I actually recently wrote a paper on this subject which will appear at NIPS 2018: https://arxiv.org/abs/1806.08805
My collaborator and I proved that in the limit of an infinite number of dimensions the projection of a random walk onto any PCA component is a sinusoid. You are welcome to read the paper for the proof, but perhaps I can attempt a slightly more intuitive explanation.
The random walk process is a translation invariant process. No matter how many steps you take and how far away you get from the origin, the process that determines the next step is exactly the same. (This is in contrast to an Ornstein-Uhlenbeck process, for example, which is a random walk in a quadratic well. In this case the process that determines what your next step will be depends on your distance from the origin.)
Now, the eigenfunctions of any translation invariant operator are Fourier modes. Why is this? Well, in order to be translation invariant, the eigenfunctions need to be periodic, and in order to be an orthogonal basis, they need to be mutually orthogonal. The set of functions that satisfies these properties is the Fourier basis.

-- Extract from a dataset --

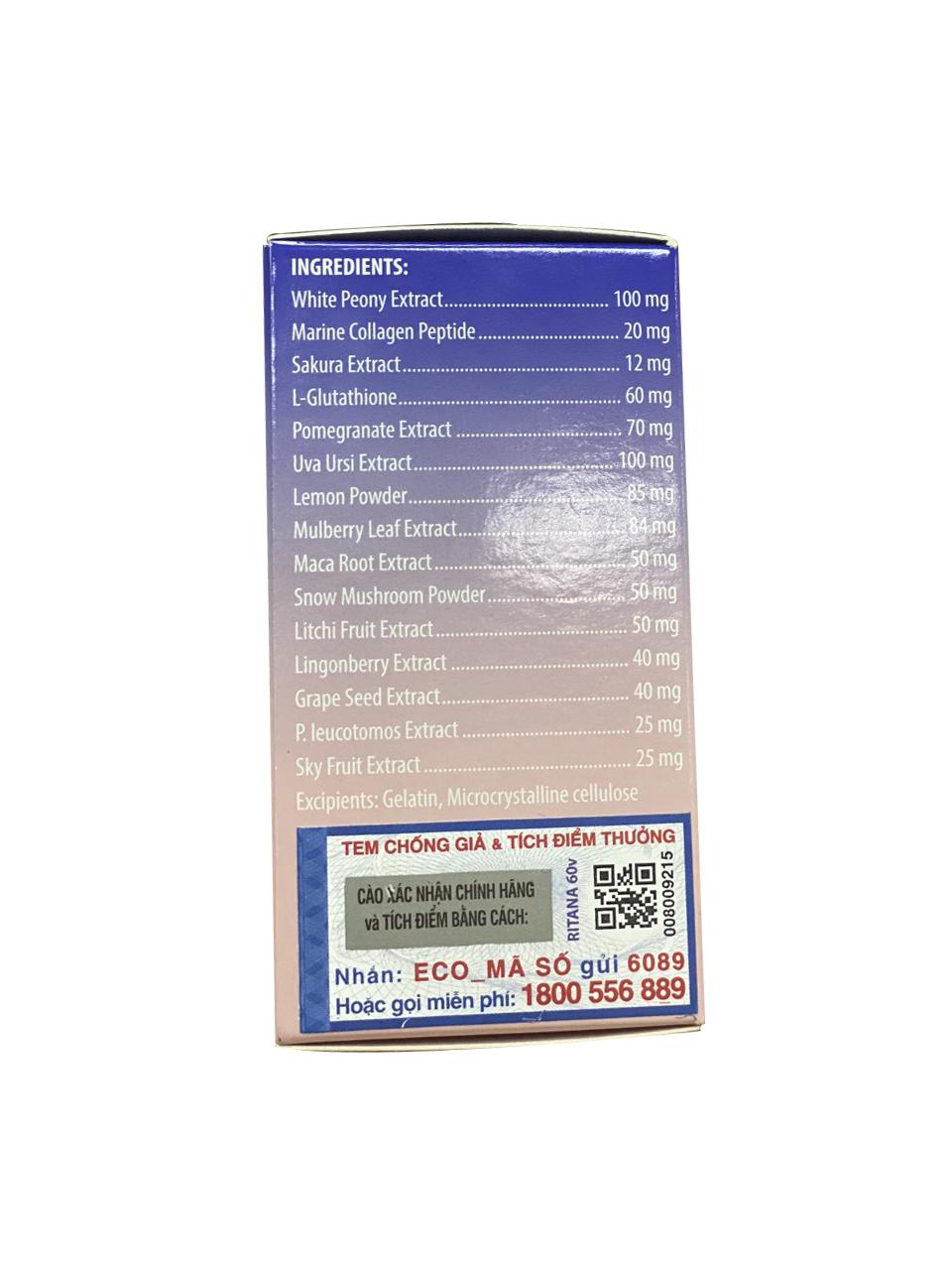 Trắng da, da bật tông trắng hồng, trắng khoẻ tự nhiên. Mờ sạm nám, vết thâm mụn; ngăn ngừa hình thành vết nám mới. Làm chậm lão hóa da, giúp da căng sáng, săn chắc, mịn màng, giảm nếp nhăn. Chống nắng từ bên trong, tăng cường phục hồi tổn thương da do nắng (nhả nắng). Bảo vệ và tăng cường sức khỏe cho da THỰC PHẨM CHỨC NĂNG VIÊN UỐNG TRẮNG DA RITANA LÀM MỜ SẠM NÁM, TRẺ HÓA DA (CHAI 60 VIÊN) CÔNG DỤNG Công thức độc đáo của viên uống trắng da RITANA chính là sự kết hợp những tính năng làm đẹp ưu việt từ các tinh chất thiên nhiên quý tác động đến tế bào giúp: Trắng da, da bật tông trắng hồng, trắng khoẻ tự nhiên. Mờ sạm nám, vết thâm mụn; ngăn ngừa hình thành vết nám mới. Làm chậm lão hóa da, giúp da căng sáng, săn chắc, mịn màng, giảm nếp nhăn. Chống nắng từ bên trong, tăng cường phục hồi tổn thương da do nắng (nhả nắng). Bảo vệ và tăng cường sức khỏe cho da THÀNH PHẦN CÁCH DÙNG Ngày uống 2 lần (sáng, chiều), mỗi lần 1 viên. Nên dùng thường xuyên. ĐỐI TƯỢNG SỬ DỤNG Nam, nữ trên 18 tuổi ƯU ĐIỂM VƯỢT TRỘI CỦA VIÊN UỐNG TRẮNG DA RITANA Hiệu quả vượt trội: da toàn thân trắng hồng, làm mờ sạm nám, làm chậm lão hóa, da căng mịn, săn chắc, chống nắng từ bên trong… An toàn: thành phần từ thiên nhiên, tinh chiết theo công nghệ tiên tiến, giúp dễ hấp thu, đạt hiệu quả tốt và an toàn khi sử dụng. Uy tín đảm bảo: các thành phần đã được kiểm chứng khoa học, ứng dụng công nghệ sinh học phân tử, được nhiều chuyên gia khuyên dùng, là bí quyết làm đẹp của các hoa hậu. Tiện dụng: Liều dùng tiện lợi (chỉ cần uống 2 viên/ngày), sản phẩm có mặt tại các nhà thuốc trên toàn quốc. Nam nữ đều dùng được. Sản xuất tại Mỹ QUY CÁCH ĐÓNG GÓI VÀ BẢO QUẢN Đóng gói: 60 viên Bảo quản: Nơi khô ráo, thoáng mát, nhiệt độ dưới 30 độ C, tránh ẩm và ánh nắng mặt trời, để xa tầm tay trẻ em.

As for your second question about two independent random walks seeming to be correlated, this is just an illusion. Although the projection of the trajectory of both random walks onto their first PCA component will be a cosine, the direction of the first PCA component will be completely random. An an analogy, if you do two random walks, each of 10^6 steps, you can be quite sure that both will end up at a distance of about 1000 from the origin. But the two walks had nothing to do with each other, and furthermore the direction that the walk happened to go will be different each time.